[Source data — start]
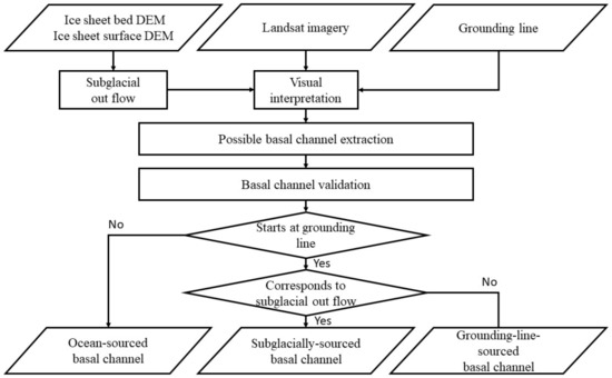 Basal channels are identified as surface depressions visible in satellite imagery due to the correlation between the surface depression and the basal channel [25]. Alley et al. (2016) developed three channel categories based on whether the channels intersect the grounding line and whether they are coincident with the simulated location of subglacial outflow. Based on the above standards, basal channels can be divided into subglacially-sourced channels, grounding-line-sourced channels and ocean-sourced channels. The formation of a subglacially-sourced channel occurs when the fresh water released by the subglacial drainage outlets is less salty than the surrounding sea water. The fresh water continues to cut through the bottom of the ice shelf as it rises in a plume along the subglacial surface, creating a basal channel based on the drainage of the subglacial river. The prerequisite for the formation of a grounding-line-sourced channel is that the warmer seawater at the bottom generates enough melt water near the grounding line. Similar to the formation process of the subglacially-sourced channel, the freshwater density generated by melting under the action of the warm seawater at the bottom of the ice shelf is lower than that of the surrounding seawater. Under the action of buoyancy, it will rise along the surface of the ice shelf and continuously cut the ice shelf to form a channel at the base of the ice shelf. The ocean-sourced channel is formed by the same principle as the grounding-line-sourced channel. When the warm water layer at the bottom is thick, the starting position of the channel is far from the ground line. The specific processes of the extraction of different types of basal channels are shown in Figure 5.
[Source data — finish]
[Source data — start]
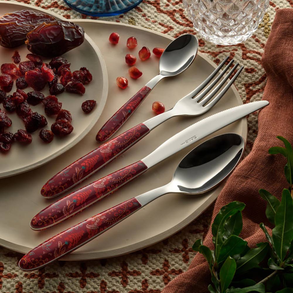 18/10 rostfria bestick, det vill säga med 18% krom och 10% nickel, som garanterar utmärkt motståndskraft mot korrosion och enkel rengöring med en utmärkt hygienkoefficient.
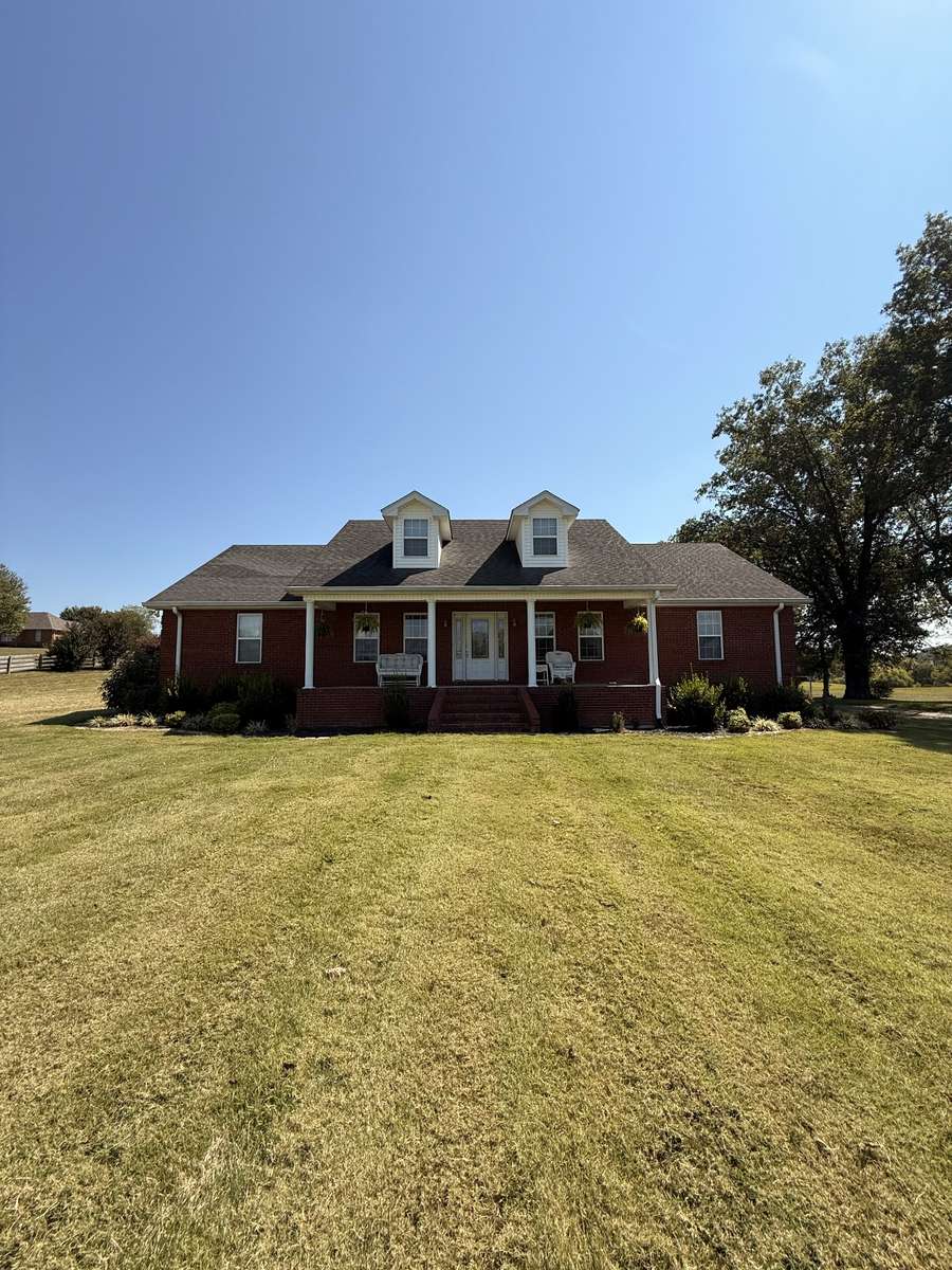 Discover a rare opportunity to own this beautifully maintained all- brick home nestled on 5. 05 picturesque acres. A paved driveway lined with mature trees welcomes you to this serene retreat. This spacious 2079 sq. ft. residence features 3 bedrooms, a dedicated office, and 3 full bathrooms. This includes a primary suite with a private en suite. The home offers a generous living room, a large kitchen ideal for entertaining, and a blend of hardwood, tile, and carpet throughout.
[Source data — finish]
Task to complete.
Word for word, restate the lines above from the one with "18/10 rostfria bestick, det" through the one with "Discover a rare", keeping both ends and dropping the pictures.

Result of the task.
 18/10 rostfria bestick, det vill säga med 18% krom och 10% nickel, som garanterar utmärkt motståndskraft mot korrosion och enkel rengöring med en utmärkt hygienkoefficient.
 Discover a rare opportunity to own this beautifully maintained all- brick home nestled on 5. 05 picturesque acres. A paved driveway lined with mature trees welcomes you to this serene retreat. This spacious 2079 sq. ft. residence features 3 bedrooms, a dedicated office, and 3 full bathrooms. This includes a primary suite with a private en suite. The home offers a generous living room, a large kitchen ideal for entertaining, and a blend of hardwood, tile, and carpet throughout.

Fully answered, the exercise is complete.